Originally Posted by
hhnngg1
Rollers do not help my power one bit. They don't make me more efficient, and if I use them exclusively, they make me SLOWER because it's so much harder to maintain high-power efforts (like threshold+) for significant periods compared to a fixed trainer so that I don't develop the power anywhere near as well.
I also think the smoothness=efficiency or more power is a placebo (mental) effect. If you're not riding in the higher power zones regularly, and more often, you're not going to get as fast. Even a choppy pedalstroke will smooth itself out when you do a lot of time on the bike, fixed trainer or not. Someone who puts out 250watts with a powermeter on a trainer will bust his same self at 225watts on a nondraft TT every time, and it won't even be close, even if the 225watt guy is a buttery smooth as silk pedalstroke. Unlike swimming, it's hard to discard lots of extra watts on a bike, even if you're intentionally trying to pedal 'in squares'.
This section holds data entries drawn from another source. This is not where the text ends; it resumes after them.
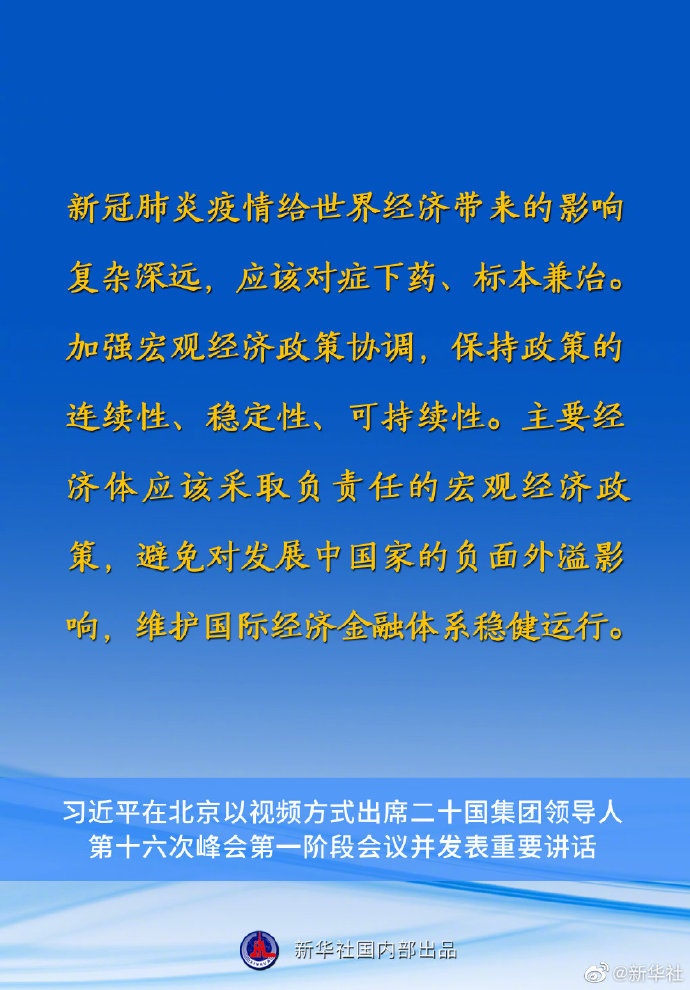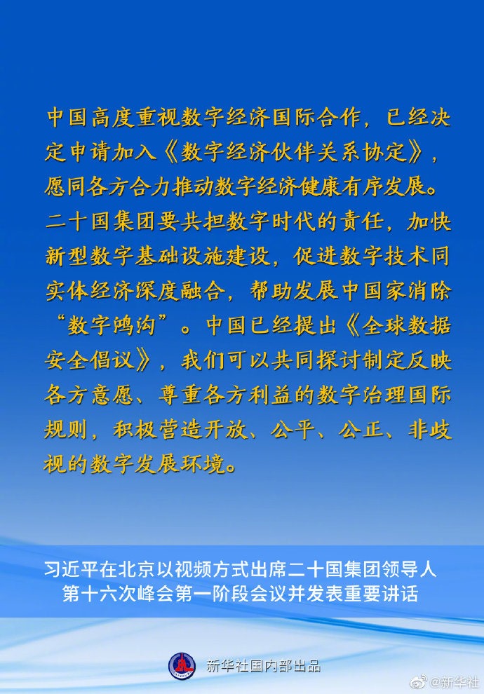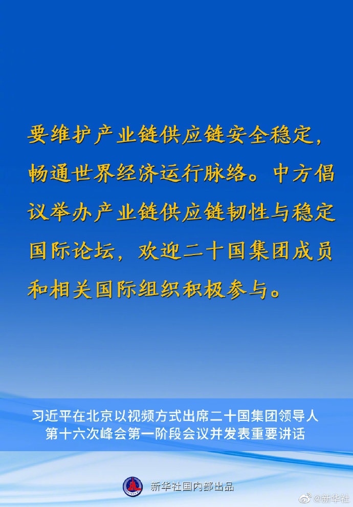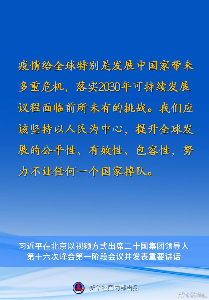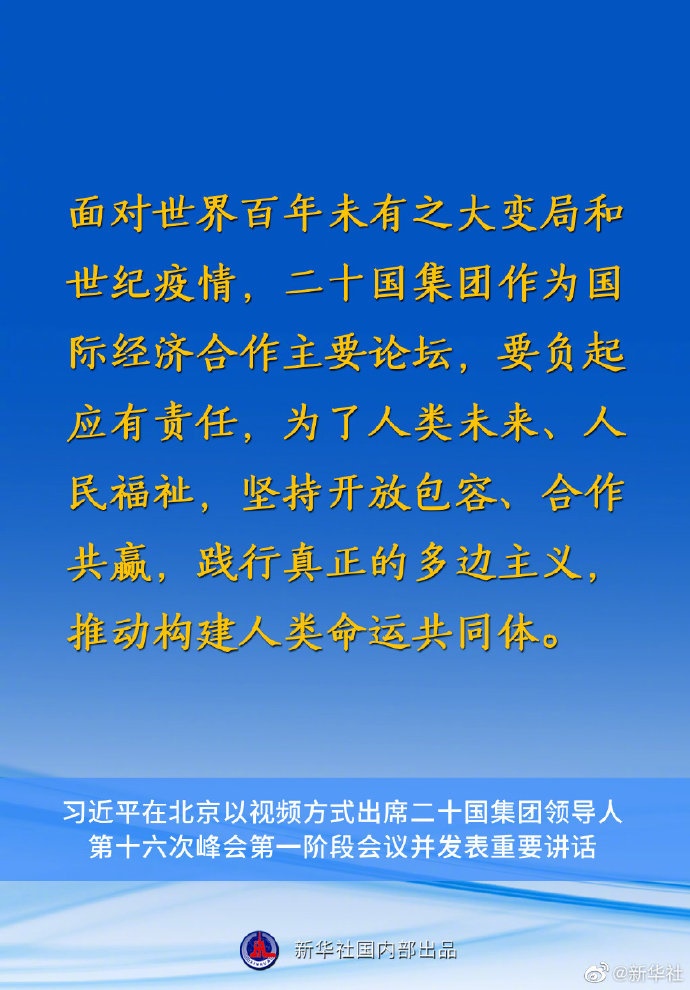 習(xí)近平主席在二十國(guó)集團(tuán)領(lǐng)導(dǎo)人第十六次峰會(huì)第一階段會(huì)議上的重要講話要點(diǎn)速覽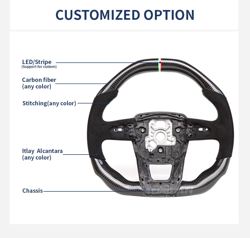Upgrade your 2018 Lamborghini Urus with this premium carbon fiber steering wheel. 🇮🇹 Crafted in Italy, it features genuine Alcantara leather for superior grip, lightweight carbon fiber for optimal handling, and precision-engineered controls for seamless electronic integration.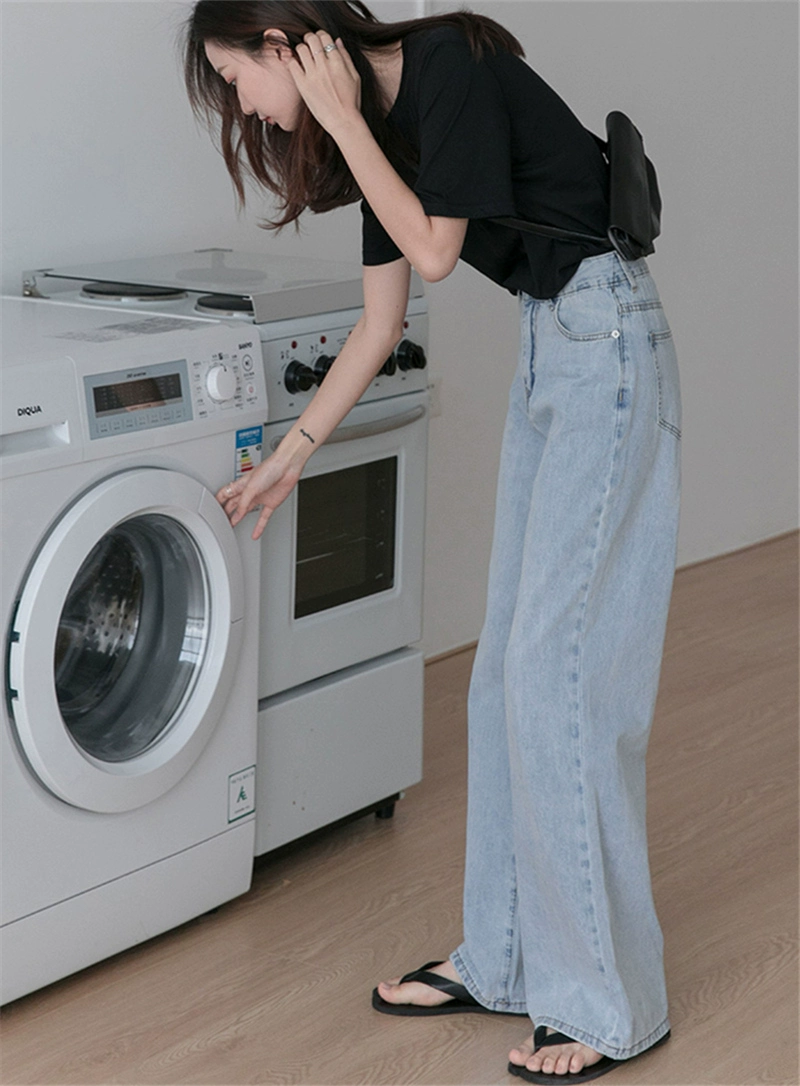 بنطال مستقيم نسائي صيفي واسع الساق على طراز هونج كونج أنيق عالي الخصر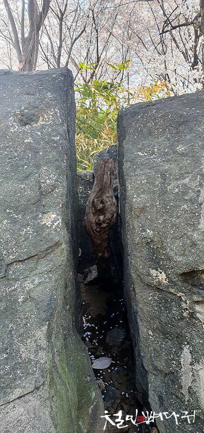 커다란 바위 사이에 나무가 자라고 있는 것도 봤습니다.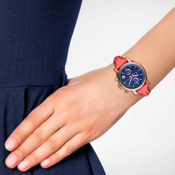 Наручные часы от популярного американского бренда Fossil - они будут замечательно смотреться как с повседневным стилем одежды, так и костюмом; браслет: кожа; корпус: сталь; цвет браслета: красный; цвет корпуса: розовое золото; цвет циферблата: синий; ширина браслета: 18MM; водонепроницаемость: 5 ATM; диаметр корпуса: 38MM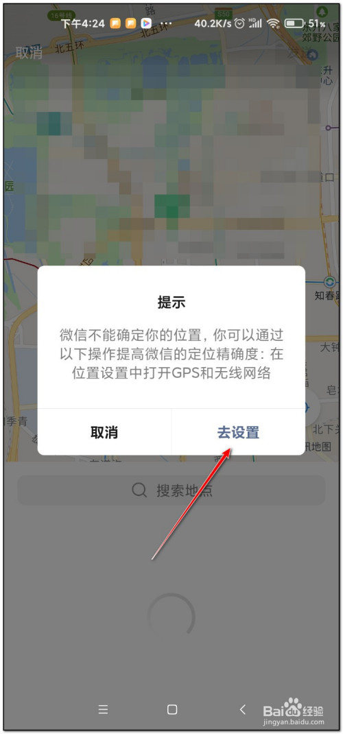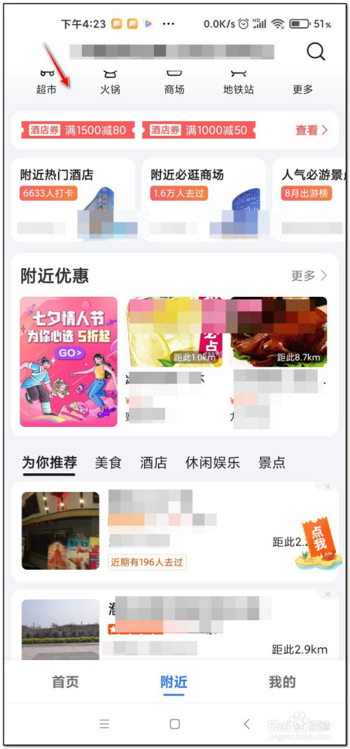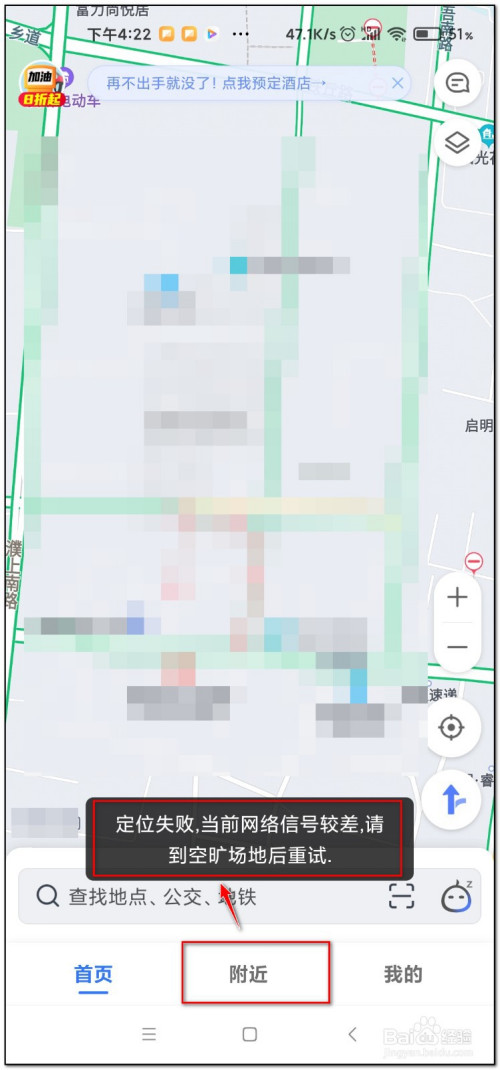 方式/步骤1 在行程中地图定位、搜刮四周商家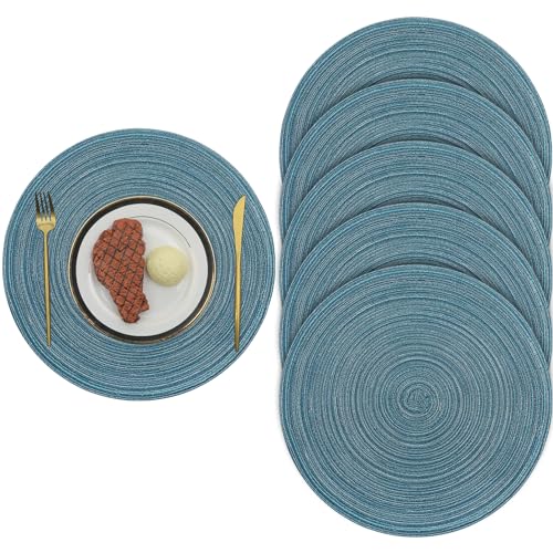 FunWheat runda flätade bordstabletter set med 6 bordsmattor för matbord vävda tvättbara halkfria bordsunderlägg 38 cm för sommaren (blå, 6 st)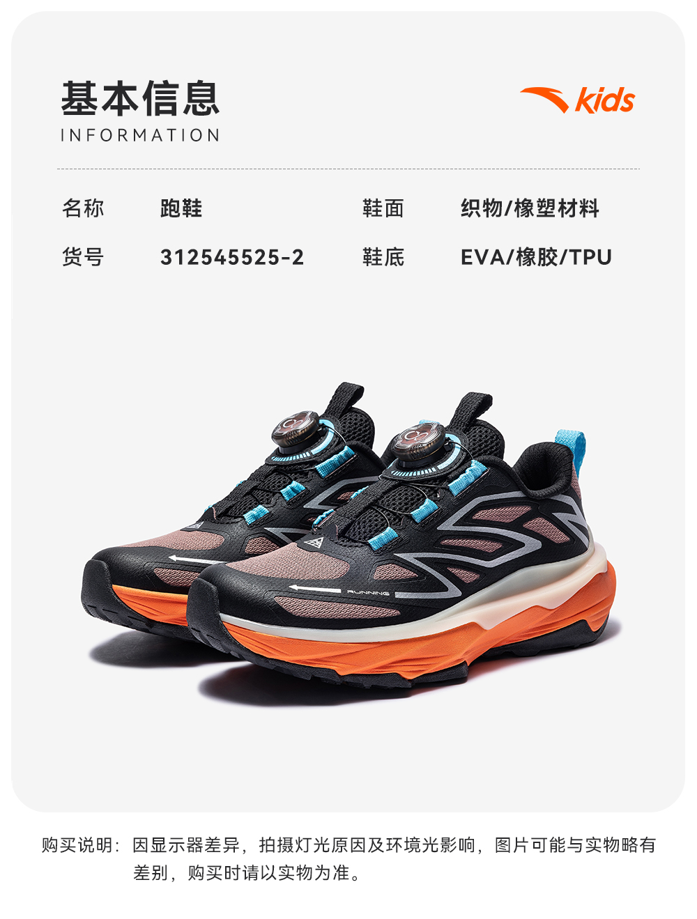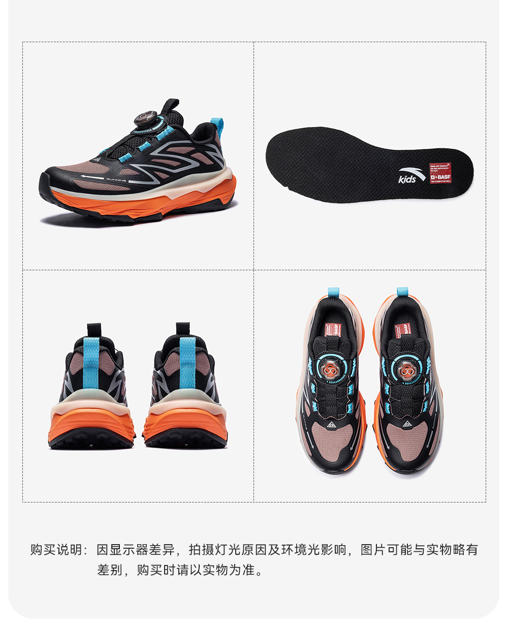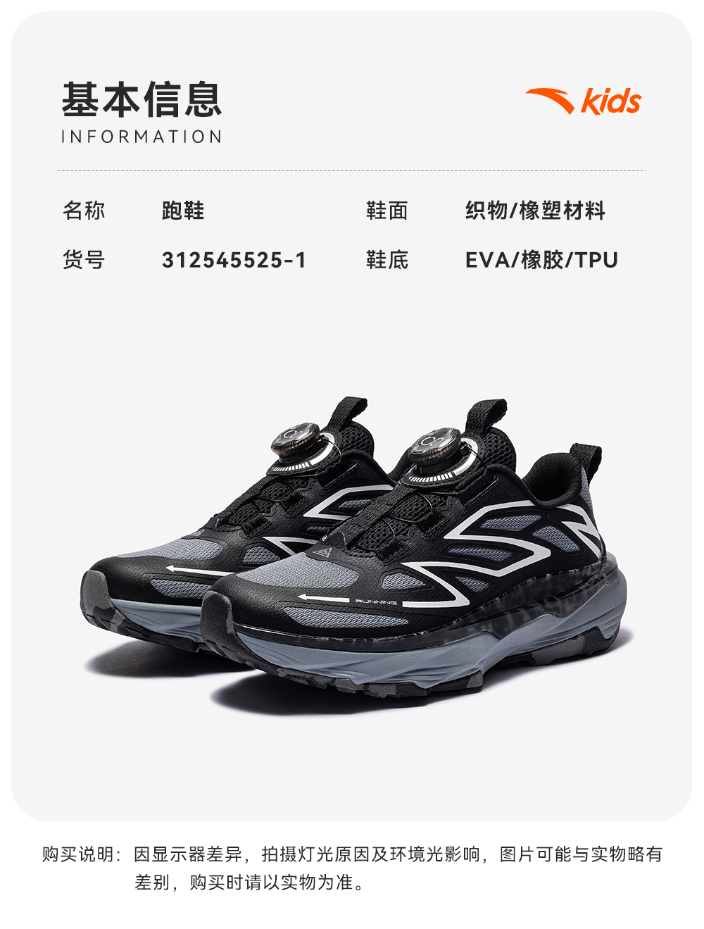 安踏童鞋儿童男大童跑鞋2025秋冬款户外徒步登山跑步旋钮运动鞋312545525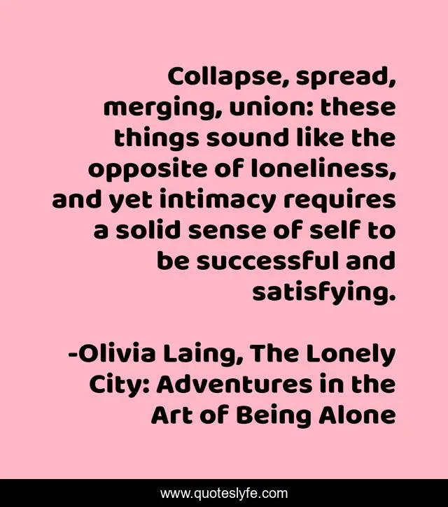 This page presents the quote "Collapse, spread, merging, union: these things sound like the opposite of loneliness, and yet intimacy requires a solid sense of self to be successful and satisfying.". Author of this quote is Olivia Laing, The Lonely City: Adventures in the Art of Being Alone. This quote is about intimacy, loneliness,.
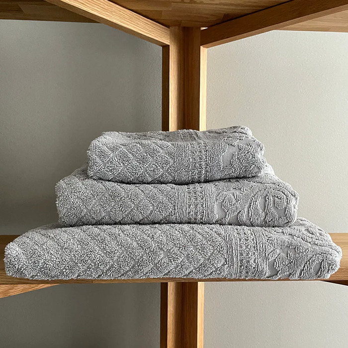 Jacquardvävd frotté med vårt vackra Luxury-mönster. Handdukens utseende går att variera genom olika vikningar. Finns i flera storlekar samt en matchande badrumsmatta.
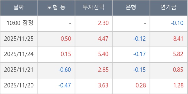 [표] 주요 기관별 순매매량 (단위 만주)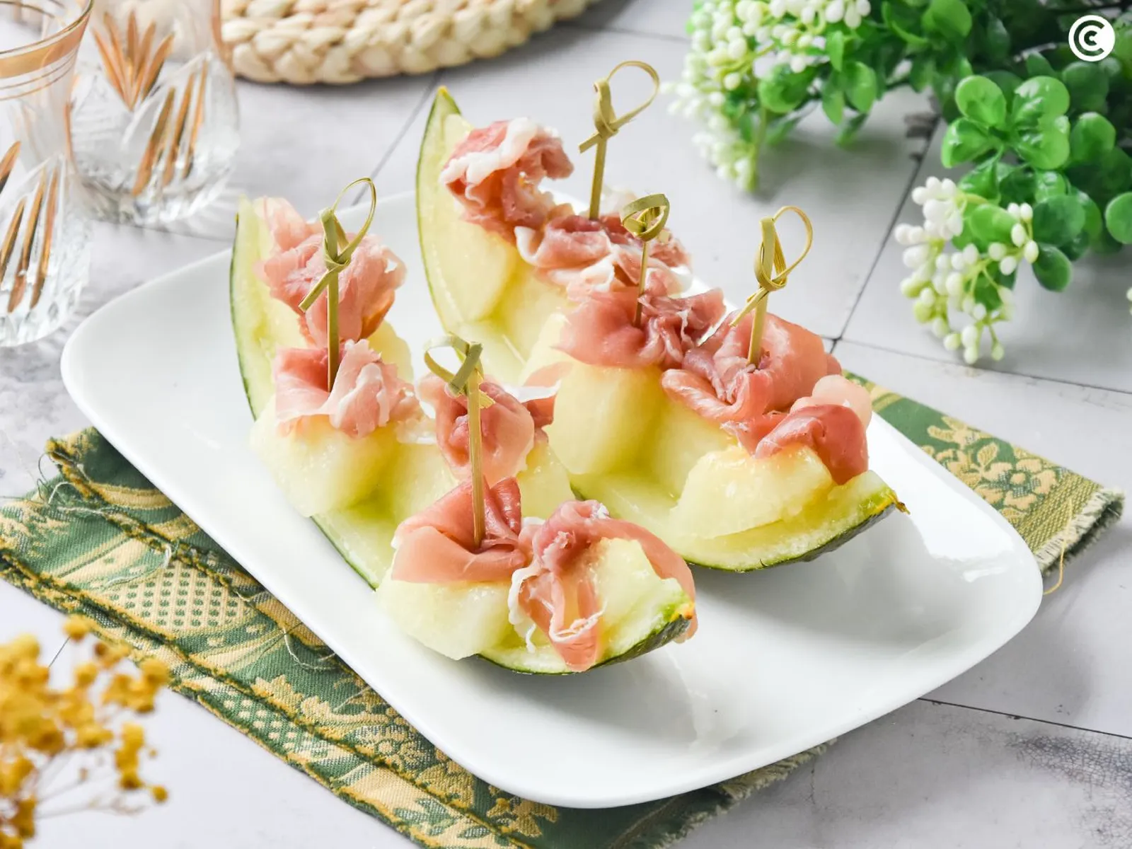 Una idea que nos encanta es usar bolas de melón en lugar de cortes tradicionales y ensartarlas con el jamón en brochetas. También puedes usar cortadores de galletas para formas divertidas.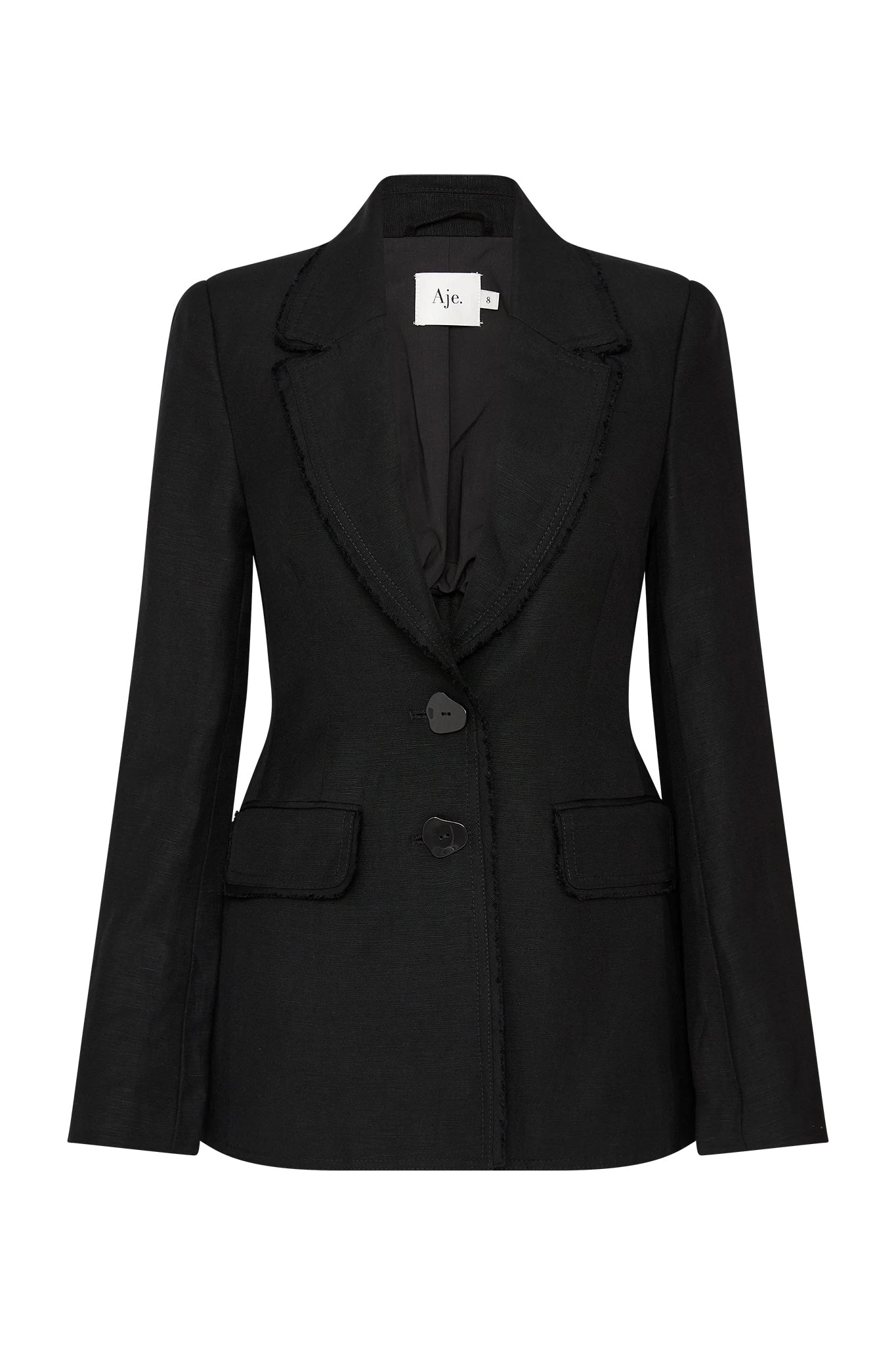 - Raw edging at collar, lapel and hip pockets

As well, the smoothness factor isn't gained because of lateral motion on the rollers - it's the fore/aft motions (on nonfloat rollers- floating rollers remove a lot of the challenge of this part.) Seriously, once you even get mildly comfortable about not going off the side on rollers, which doesn't take too long at all, the biggest challenge is not going off the front when you accelerate hard or stand up and crank. If you get really comfy on rollers, you'll find it has almost nothing to do with lateral motion - I spend almost all my mental energy on rollers avoiding going off the front and virtually zero time worrying about going off the side.
You have resistance rollers and find it hard to put out sustained threshold efforts? Btw, the difference once you add resistance is significant. You'll notice that my points above apply specifically to resistance rollers, where the high power output is very much part of training. No problem at all riding VO2 Max efforts and higher. Threshold efforts at 'road typical' cadences is no problem.
It's true that sudden accelerations (if you're not practiced on smooth delivery) can lurch you off the front of rollers. This is the challenge with sprinting intervals on rollers (which I clarified above)...But for everything sitting, it is more than possible to put out any wattage and stay on the rollers one you're practiced and proficient.
I've done LOTS of intervals where you spin down to ~30 rpm and then ramp up to a (seated) full sprint, rince/repeat. Those intervals are tough because you HAVE to be smooth on the acceleration while pedaling very hard. There-in lies the value of the rollers. If this was something you weren't able to do, or weren't comfortable doing...well I think you were either not riding resistance rollers and/or you wrote them off before any improvement was realized.